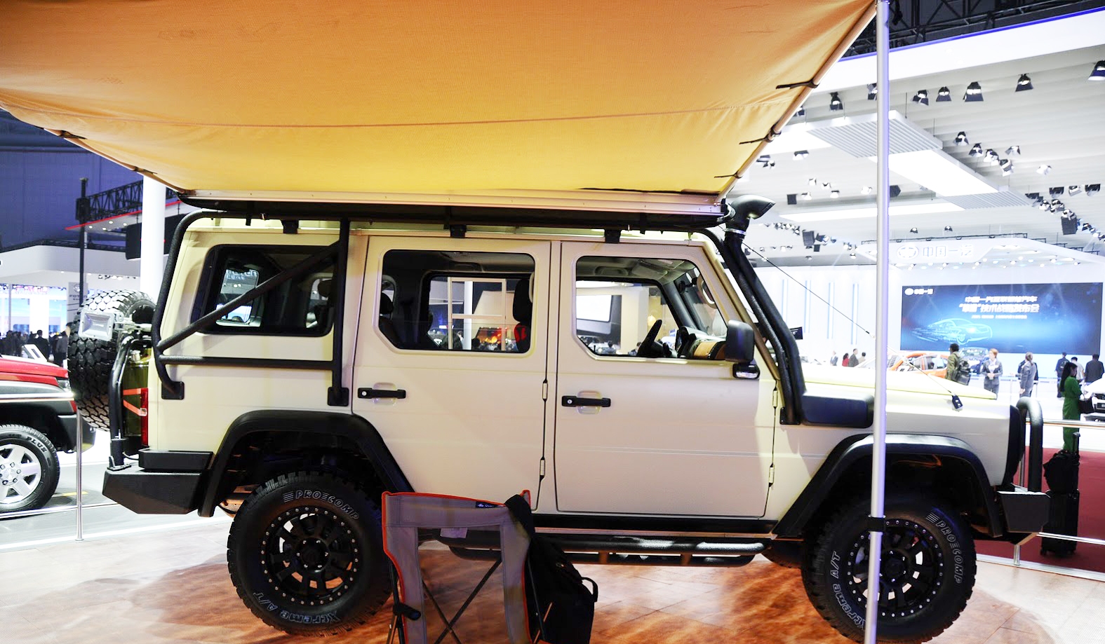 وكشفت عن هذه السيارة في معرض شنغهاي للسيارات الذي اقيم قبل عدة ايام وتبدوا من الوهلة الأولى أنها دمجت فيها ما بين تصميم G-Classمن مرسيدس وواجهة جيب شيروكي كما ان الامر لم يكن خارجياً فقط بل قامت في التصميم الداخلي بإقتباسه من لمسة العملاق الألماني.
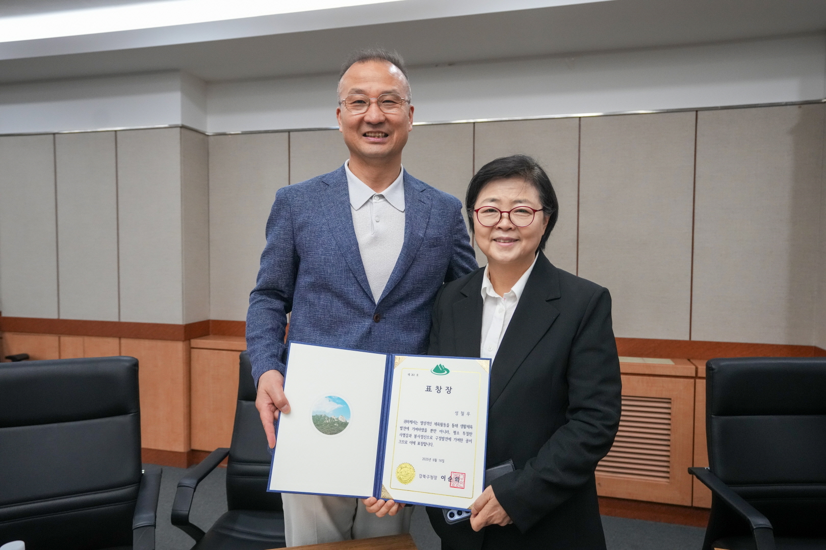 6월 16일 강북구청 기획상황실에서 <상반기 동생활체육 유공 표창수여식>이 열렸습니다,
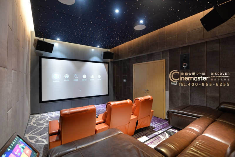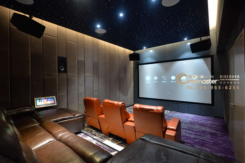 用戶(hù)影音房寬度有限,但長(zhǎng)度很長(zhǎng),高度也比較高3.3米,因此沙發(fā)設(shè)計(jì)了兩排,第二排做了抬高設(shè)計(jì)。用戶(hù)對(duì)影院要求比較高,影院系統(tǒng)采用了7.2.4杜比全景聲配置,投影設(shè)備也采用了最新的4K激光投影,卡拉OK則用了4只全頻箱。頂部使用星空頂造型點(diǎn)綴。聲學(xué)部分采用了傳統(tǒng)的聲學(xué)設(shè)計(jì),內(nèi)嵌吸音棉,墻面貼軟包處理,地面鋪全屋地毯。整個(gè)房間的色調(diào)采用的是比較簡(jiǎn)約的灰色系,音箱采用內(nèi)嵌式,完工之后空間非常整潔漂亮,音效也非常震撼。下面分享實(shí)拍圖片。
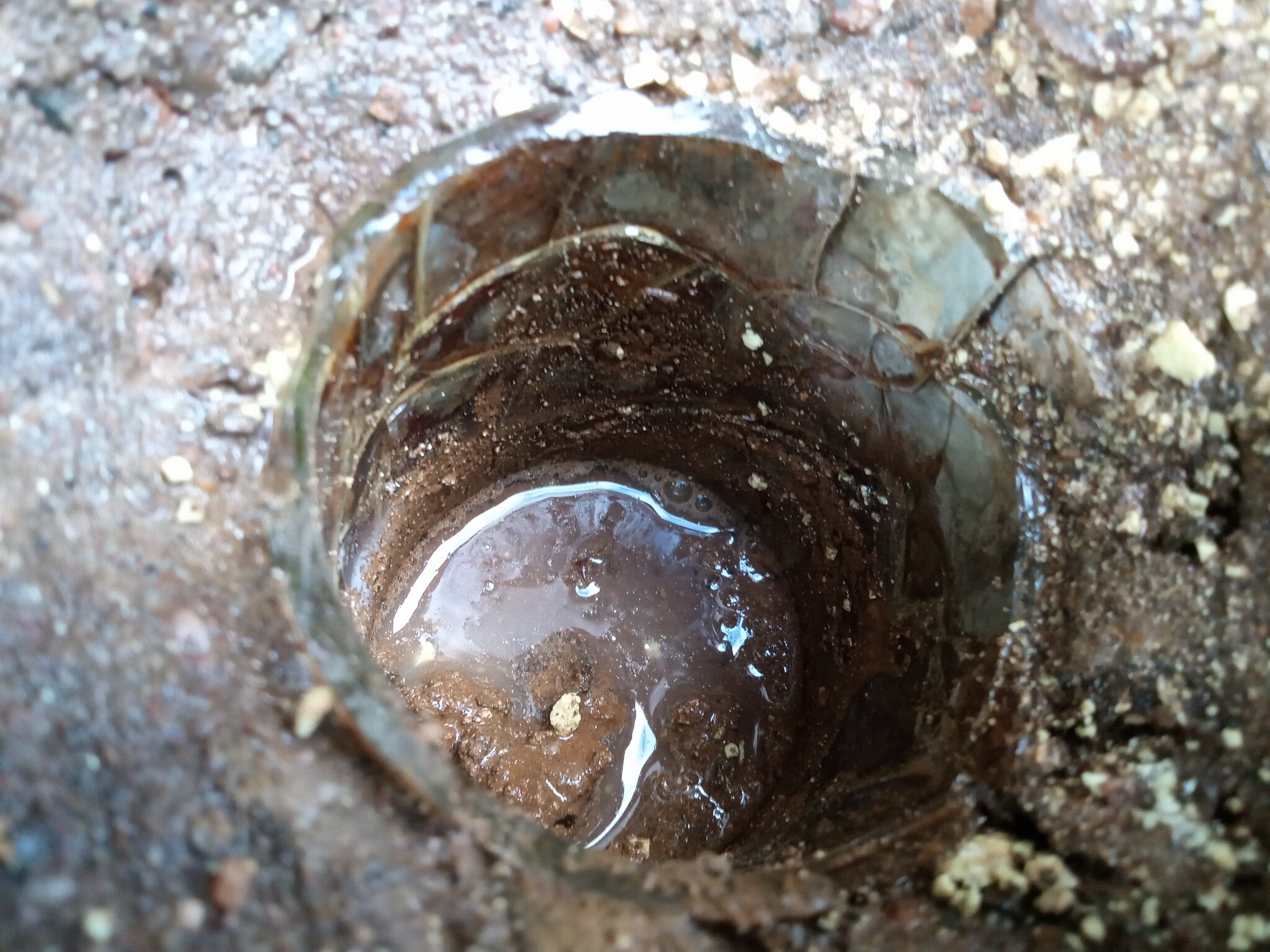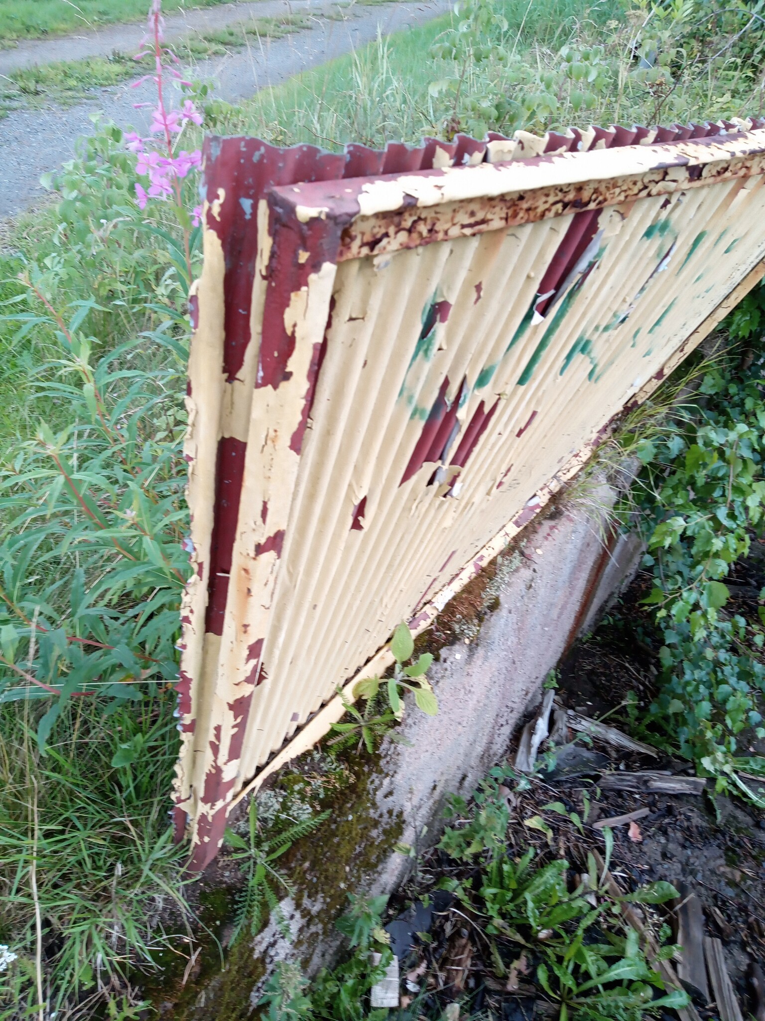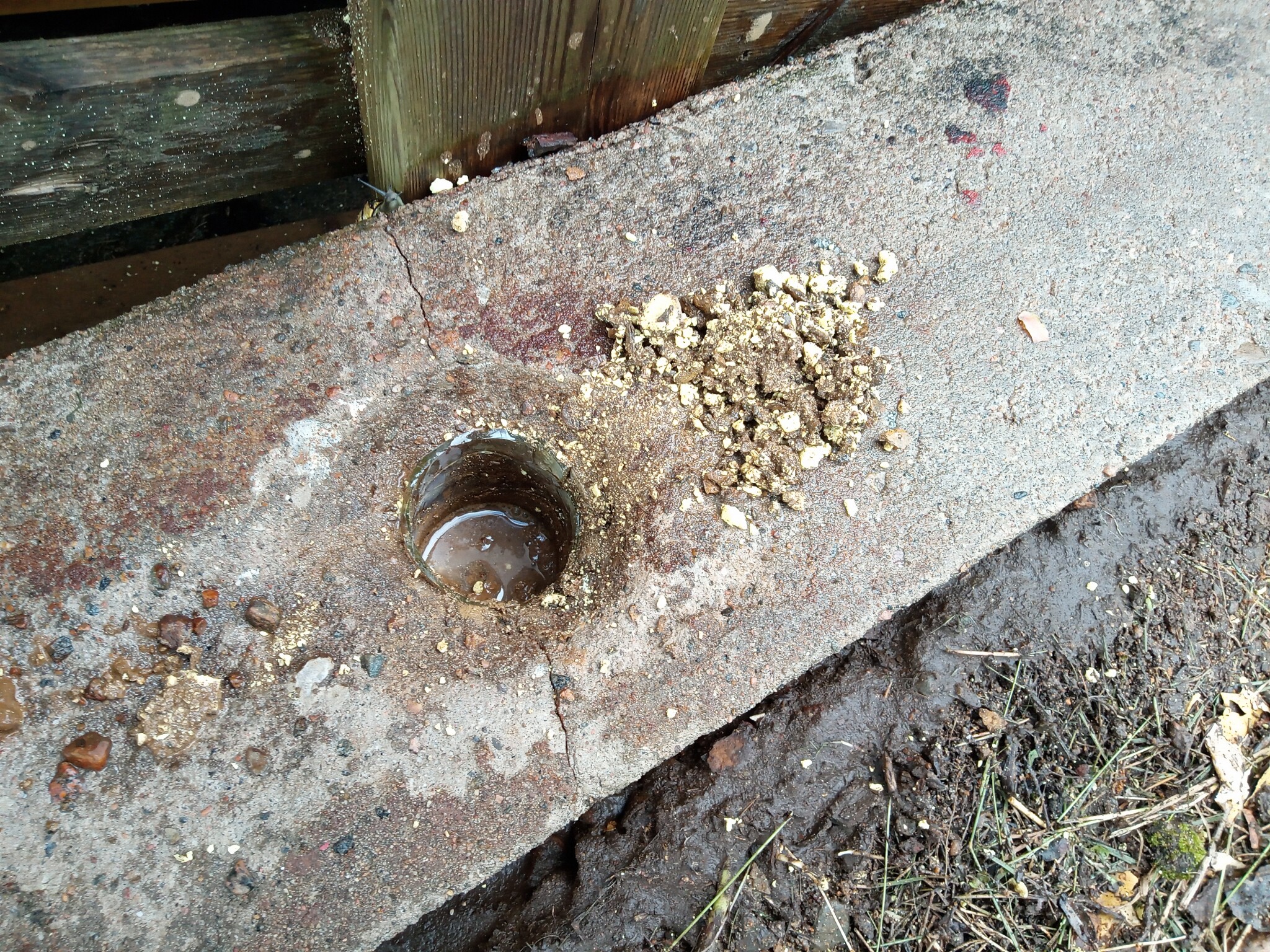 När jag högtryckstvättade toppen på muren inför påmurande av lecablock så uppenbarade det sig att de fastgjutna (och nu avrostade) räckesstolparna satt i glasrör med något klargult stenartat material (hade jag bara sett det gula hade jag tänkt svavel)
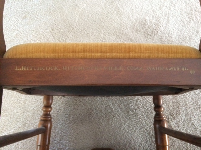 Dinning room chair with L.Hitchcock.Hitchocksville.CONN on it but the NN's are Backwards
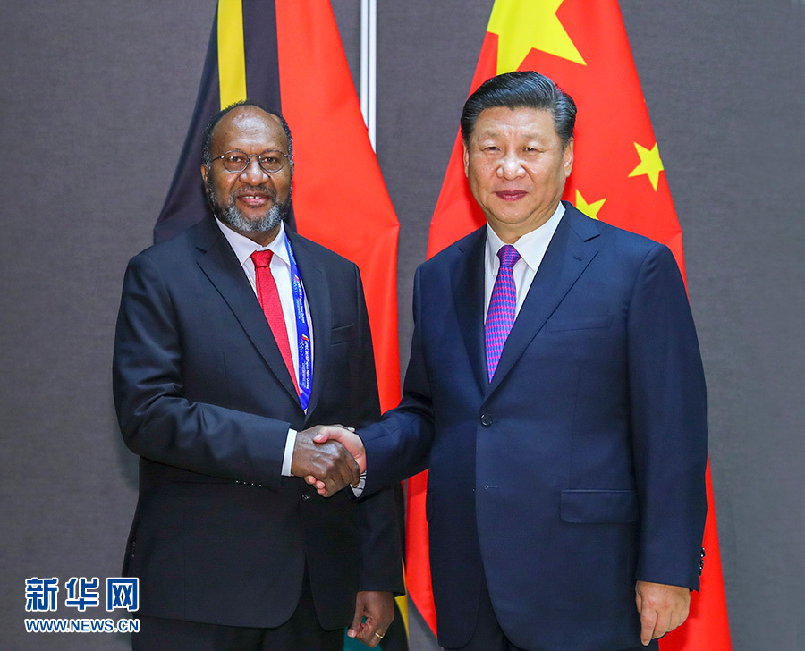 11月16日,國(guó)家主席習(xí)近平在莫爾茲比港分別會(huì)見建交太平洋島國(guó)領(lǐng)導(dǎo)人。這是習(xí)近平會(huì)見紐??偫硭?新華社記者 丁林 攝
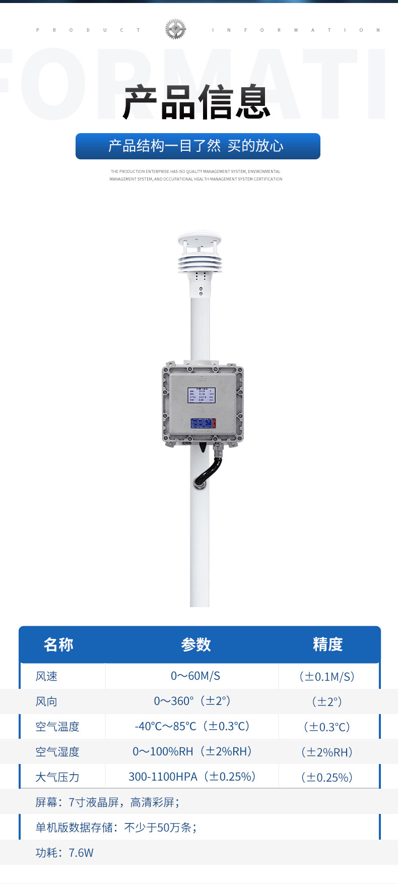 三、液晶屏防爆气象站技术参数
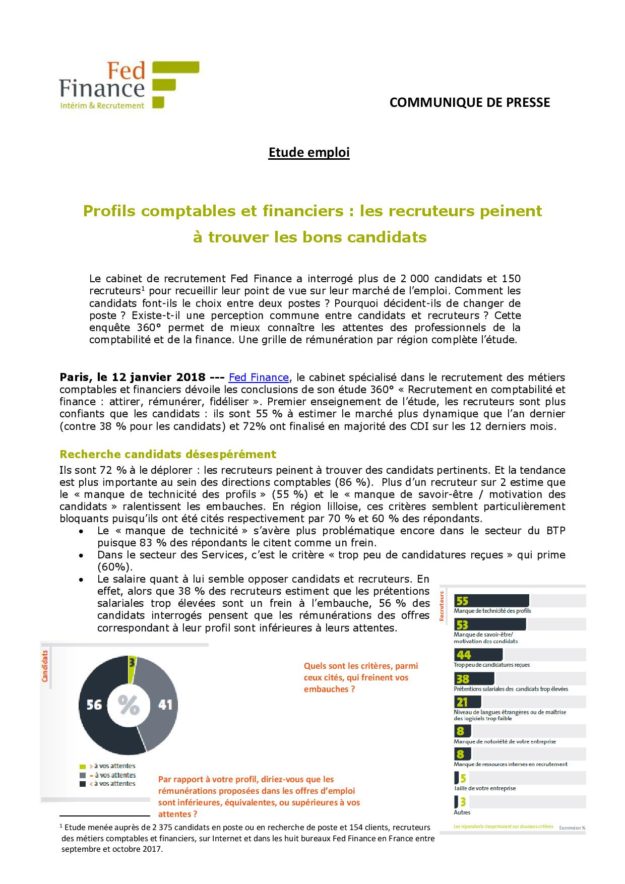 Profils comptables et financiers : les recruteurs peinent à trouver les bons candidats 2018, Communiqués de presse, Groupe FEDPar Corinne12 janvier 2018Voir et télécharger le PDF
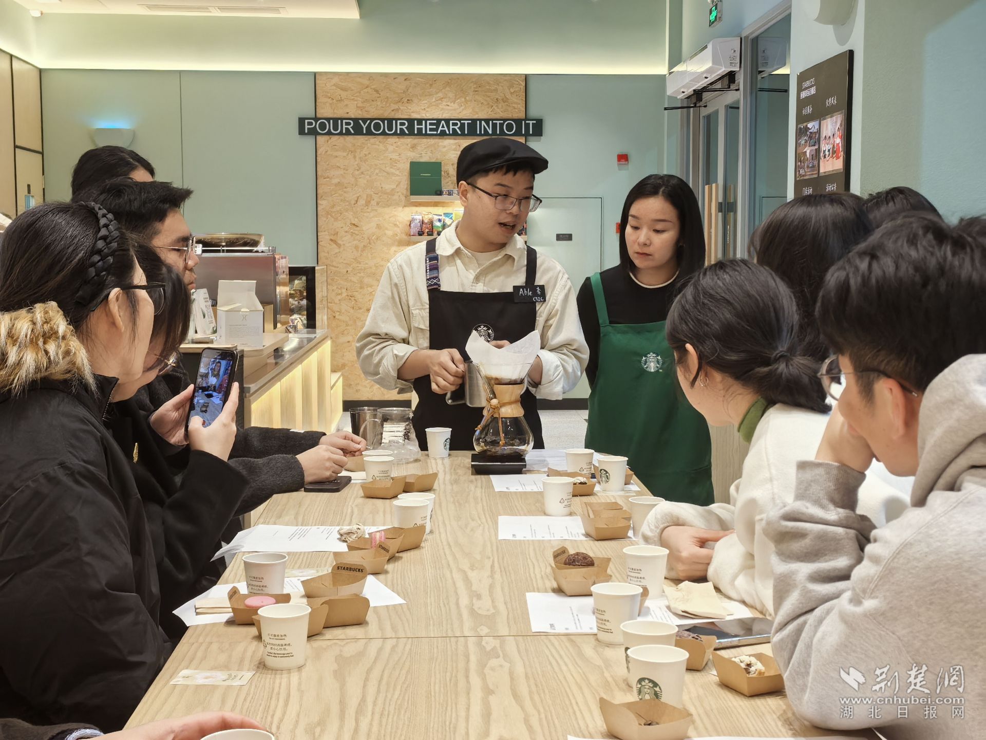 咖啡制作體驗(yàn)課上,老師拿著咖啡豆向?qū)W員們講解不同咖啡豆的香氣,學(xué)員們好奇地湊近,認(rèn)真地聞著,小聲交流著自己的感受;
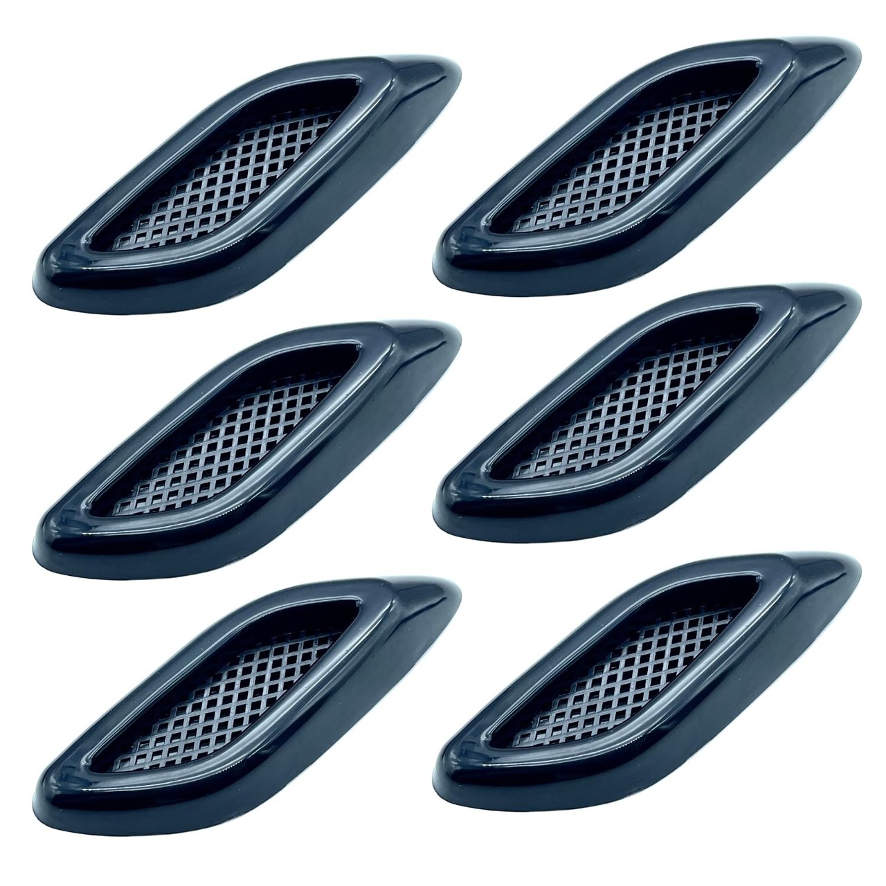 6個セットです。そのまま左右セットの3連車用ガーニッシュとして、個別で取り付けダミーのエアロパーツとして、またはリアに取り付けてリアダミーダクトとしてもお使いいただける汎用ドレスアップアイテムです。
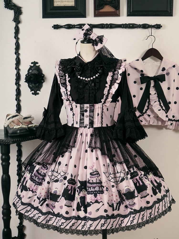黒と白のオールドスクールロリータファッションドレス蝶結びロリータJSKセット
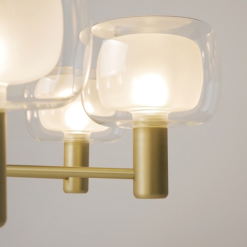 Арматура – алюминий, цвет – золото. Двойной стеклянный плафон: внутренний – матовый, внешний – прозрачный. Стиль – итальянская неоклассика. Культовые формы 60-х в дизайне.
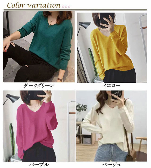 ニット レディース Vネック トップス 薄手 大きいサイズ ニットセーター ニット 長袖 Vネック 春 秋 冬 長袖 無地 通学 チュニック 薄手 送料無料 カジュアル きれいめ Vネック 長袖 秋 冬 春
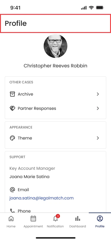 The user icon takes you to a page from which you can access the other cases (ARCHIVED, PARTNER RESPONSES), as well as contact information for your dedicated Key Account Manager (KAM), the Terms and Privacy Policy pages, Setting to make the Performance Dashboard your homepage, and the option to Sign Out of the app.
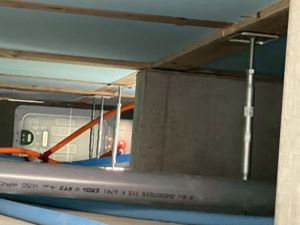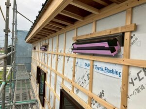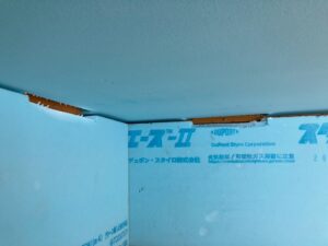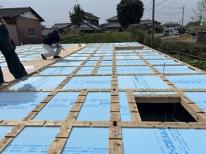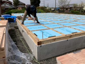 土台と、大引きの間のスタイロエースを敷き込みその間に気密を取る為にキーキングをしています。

> _PROBLEM DETAILS_:
Write out, word for word, the stretch of entries that begins at the line with "Profils comptables et" and ends at the line with "咖啡制作體驗(yàn)課上,老師拿著咖啡". Pictures do not belong in it.

> _COMPLETED TASK_:
 Profils comptables et financiers : les recruteurs peinent à trouver les bons candidats 2018, Communiqués de presse, Groupe FEDPar Corinne12 janvier 2018Voir et télécharger le PDF
 咖啡制作體驗(yàn)課上,老師拿著咖啡豆向?qū)W員們講解不同咖啡豆的香氣,學(xué)員們好奇地湊近,認(rèn)真地聞著,小聲交流著自己的感受;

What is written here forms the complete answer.